* What you have to do *
Please give back exactly the line with "きな石碑「紀州蜜柑相祖之碑」" and each line after it through the end of the material, leaving out the pictures.

§

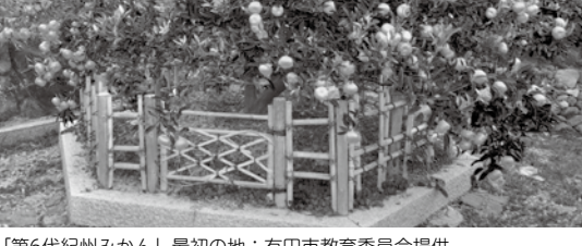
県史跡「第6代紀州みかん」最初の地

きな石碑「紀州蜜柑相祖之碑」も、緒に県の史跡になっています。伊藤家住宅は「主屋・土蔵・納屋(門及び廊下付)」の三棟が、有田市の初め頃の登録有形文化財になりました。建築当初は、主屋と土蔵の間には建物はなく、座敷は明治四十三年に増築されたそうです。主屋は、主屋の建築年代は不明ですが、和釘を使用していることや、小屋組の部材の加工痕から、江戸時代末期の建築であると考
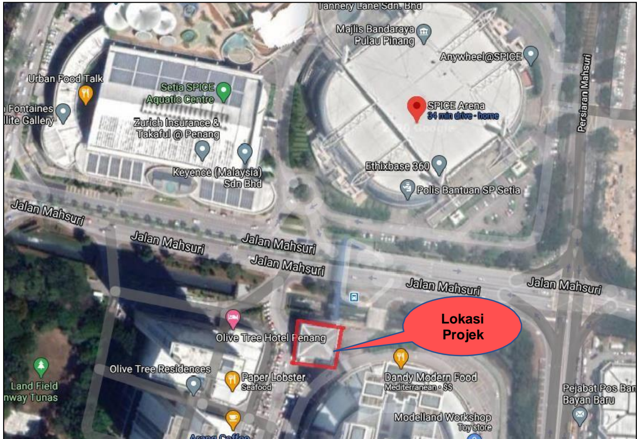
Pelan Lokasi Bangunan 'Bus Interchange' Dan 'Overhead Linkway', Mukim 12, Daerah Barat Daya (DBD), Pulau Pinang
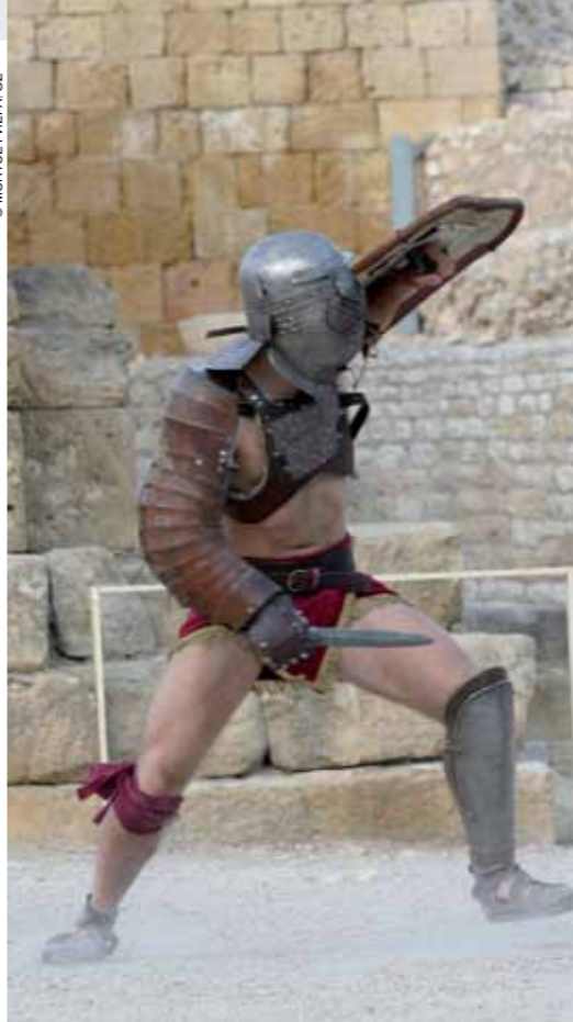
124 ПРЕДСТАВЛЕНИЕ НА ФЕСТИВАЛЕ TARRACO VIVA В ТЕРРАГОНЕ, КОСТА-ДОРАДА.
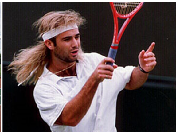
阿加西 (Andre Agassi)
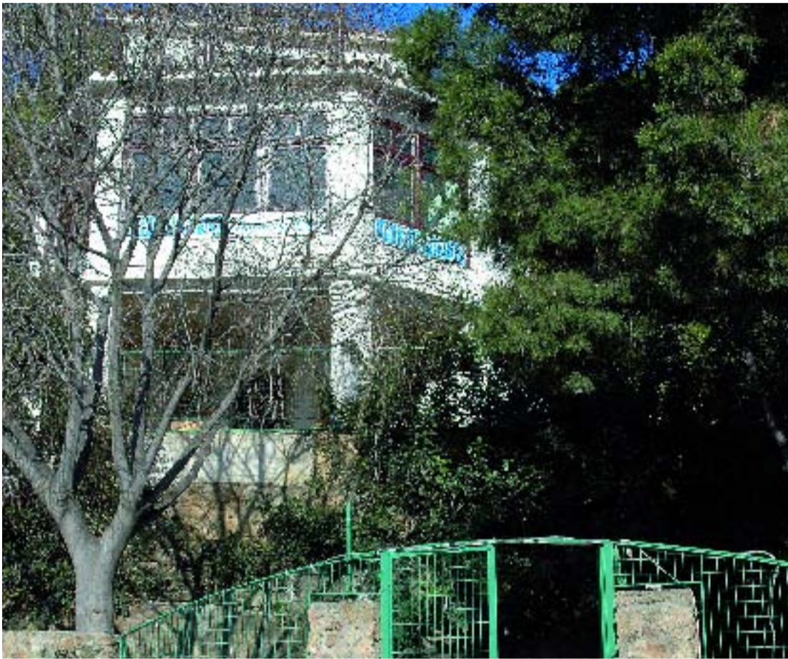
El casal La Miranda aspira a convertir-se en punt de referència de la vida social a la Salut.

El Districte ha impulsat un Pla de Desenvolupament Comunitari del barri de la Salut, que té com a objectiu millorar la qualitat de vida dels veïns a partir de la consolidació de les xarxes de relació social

§

* Output *
きな石碑「紀州蜜柑相祖之碑」も、緒に県の史跡になっています。伊藤家住宅は「主屋・土蔵・納屋(門及び廊下付)」の三棟が、有田市の初め頃の登録有形文化財になりました。建築当初は、主屋と土蔵の間には建物はなく、座敷は明治四十三年に増築されたそうです。主屋は、主屋の建築年代は不明ですが、和釘を使用していることや、小屋組の部材の加工痕から、江戸時代末期の建築であると考
Pelan Lokasi Bangunan 'Bus Interchange' Dan 'Overhead Linkway', Mukim 12, Daerah Barat Daya (DBD), Pulau Pinang
124 ПРЕДСТАВЛЕНИЕ НА ФЕСТИВАЛЕ TARRACO VIVA В ТЕРРАГОНЕ, КОСТА-ДОРАДА.
阿加西 (Andre Agassi)
El casal La Miranda aspira a convertir-se en punt de referència de la vida social a la Salut.

El Districte ha impulsat un Pla de Desenvolupament Comunitari del barri de la Salut, que té com a objectiu millorar la qualitat de vida dels veïns a partir de la consolidació de les xarxes de relació social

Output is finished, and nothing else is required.